Supo, escuchó, desde niña, la sonámbula como se niegan las garantías más básicas en un estado de derecho: aserrín, aserrán. Pero también supo otras cosas: los gauchos a los que se intentó domesticar vuelven a atravesar la frontera, como Santiago, Cruz para esos Fierros de Pu Lof. Como el guacho de Fariña y la china de Cabezón, que se empecinan en reescribir una historia más justa
Ahora, a la luz tenue de algunos hechos, la sonámbula piensa hace días en esta frase de Heródoto: En la paz los hijos llevan a sus padres a la tumba, en la guerra son los padres quienes llevan a los hijos a la tumba; y se pregunta: ¿por qué para los militantes populares siempre es tiempo de guerra? Maxi tenía 21 años, Darío, 20; Mariano, 23; Santiago, 28. El 10% de los desaparecidos en la última dictadura tenían entre 16 y 20 años. El 32% tenía entre 21 y 25. El 25% iba de los 26 a los 30. No es una cuestión de números. La sonámbula sabe que las estadísticas son material para la pura vigilia. Lo que importa es la pregunta que se arranca a esas cifras: ¿Qué está matando esa muerte que se lleva a los hijos y deja a los padres y a las madres frente a un dolor imposible?

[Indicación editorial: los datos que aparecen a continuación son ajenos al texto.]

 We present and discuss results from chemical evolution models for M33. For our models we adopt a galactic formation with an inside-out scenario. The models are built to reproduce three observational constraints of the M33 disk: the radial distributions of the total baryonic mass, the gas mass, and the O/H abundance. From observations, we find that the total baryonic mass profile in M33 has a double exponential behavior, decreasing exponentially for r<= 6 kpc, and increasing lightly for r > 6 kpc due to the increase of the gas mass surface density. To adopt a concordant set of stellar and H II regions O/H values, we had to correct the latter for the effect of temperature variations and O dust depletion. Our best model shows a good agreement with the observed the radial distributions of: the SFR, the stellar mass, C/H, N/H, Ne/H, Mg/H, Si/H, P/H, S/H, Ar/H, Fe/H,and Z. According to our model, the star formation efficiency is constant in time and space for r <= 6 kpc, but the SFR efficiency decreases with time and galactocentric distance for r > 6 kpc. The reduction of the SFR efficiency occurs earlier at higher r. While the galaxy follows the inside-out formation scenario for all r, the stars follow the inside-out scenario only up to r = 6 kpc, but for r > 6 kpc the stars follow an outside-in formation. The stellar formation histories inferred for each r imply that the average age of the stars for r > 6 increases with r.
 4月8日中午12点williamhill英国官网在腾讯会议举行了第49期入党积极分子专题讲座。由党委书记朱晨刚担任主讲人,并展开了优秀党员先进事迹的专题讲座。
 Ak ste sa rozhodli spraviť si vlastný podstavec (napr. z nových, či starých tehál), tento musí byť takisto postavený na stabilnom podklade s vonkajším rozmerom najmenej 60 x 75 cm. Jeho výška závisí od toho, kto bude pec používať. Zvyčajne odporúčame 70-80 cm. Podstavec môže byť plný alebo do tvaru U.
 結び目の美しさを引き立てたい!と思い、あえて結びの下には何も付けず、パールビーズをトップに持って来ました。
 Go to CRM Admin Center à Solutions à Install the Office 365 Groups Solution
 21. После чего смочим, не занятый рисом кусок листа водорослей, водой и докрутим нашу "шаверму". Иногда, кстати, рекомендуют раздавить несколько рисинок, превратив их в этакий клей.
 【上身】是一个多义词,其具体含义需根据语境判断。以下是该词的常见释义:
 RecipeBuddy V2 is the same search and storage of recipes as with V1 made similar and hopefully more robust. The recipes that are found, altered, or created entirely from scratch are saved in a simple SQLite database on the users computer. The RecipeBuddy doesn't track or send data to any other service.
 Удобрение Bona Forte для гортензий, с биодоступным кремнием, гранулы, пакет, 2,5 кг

Santiago Maldonado fue muerto de muerte asesina cuando exigía -y exigir es preparar las condiciones para- una vida digna de la tierra y de sus hombres y de sus mujeres. Ante lo irreparable de la muerte la aparición del cuerpo es el principio de una reparación, siempre insuficiente. Desde Antígona para acá, sabemos qué hacer con nuestros muertos. Cómo enterrarlos, cómo rendirles honores, cómo cuidarles el sueño. Sabemos nosotros. También sabe la sonámbula: cómo armarles la justicia. Cómo vengarlos, incluso del tiempo en que no supimos de ellos.
No le modifica la rabia, a la sonámbula, el cómo. Si de encierro, si de ahogo, si de frío. El Estado ordena las fuerzas del orden que incendian, disparan, golpean, matan. El Estado es el orden que lame los dedos de los grandes capitales y por ellos vuelve a intentar convertir el sueño en desierto. La sonámbula sabe lo mismo que supo Santiago: hay que estar donde están nuestros hermanos. Nos arrebatan la vida por ello. Nosotros: tenemos que arrebatarles la justicia.